> [Work instruction]: Give again, exactly as written, each line of the material below starting at the line that contains "14K Yellow &" and ending at the line that contains "春になると、ソメイヨシノと八". Both ends count, and no other line does.

> [Given data]:
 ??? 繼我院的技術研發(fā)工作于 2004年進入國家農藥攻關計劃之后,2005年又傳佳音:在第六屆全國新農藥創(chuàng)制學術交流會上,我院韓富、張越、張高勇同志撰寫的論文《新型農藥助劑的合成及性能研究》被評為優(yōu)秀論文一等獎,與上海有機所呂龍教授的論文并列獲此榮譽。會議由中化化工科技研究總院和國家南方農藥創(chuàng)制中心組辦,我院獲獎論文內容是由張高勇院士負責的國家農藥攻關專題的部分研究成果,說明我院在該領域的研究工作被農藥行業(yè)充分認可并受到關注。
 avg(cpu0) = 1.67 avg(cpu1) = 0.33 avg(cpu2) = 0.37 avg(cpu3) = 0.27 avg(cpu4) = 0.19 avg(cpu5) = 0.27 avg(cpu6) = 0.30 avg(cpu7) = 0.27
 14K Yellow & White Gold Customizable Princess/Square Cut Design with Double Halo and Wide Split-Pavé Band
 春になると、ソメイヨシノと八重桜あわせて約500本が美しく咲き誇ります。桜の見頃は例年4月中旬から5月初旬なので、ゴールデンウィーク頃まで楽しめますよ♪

==

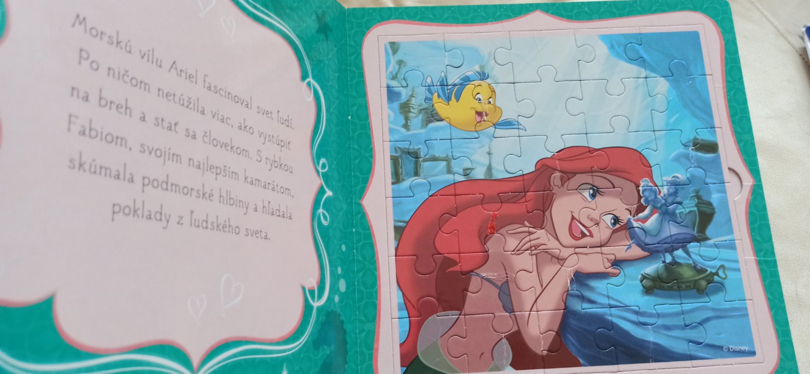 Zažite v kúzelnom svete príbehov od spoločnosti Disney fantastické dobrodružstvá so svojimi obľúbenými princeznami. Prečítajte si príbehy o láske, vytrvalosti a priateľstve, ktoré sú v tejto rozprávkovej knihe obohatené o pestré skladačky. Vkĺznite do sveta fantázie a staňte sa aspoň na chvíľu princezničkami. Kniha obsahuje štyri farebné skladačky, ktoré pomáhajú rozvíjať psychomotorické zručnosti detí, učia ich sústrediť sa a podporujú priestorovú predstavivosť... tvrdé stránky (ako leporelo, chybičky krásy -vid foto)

> [Response to this exercise]:
 14K Yellow & White Gold Customizable Princess/Square Cut Design with Double Halo and Wide Split-Pavé Band
 春になると、ソメイヨシノと八重桜あわせて約500本が美しく咲き誇ります。桜の見頃は例年4月中旬から5月初旬なので、ゴールデンウィーク頃まで楽しめますよ♪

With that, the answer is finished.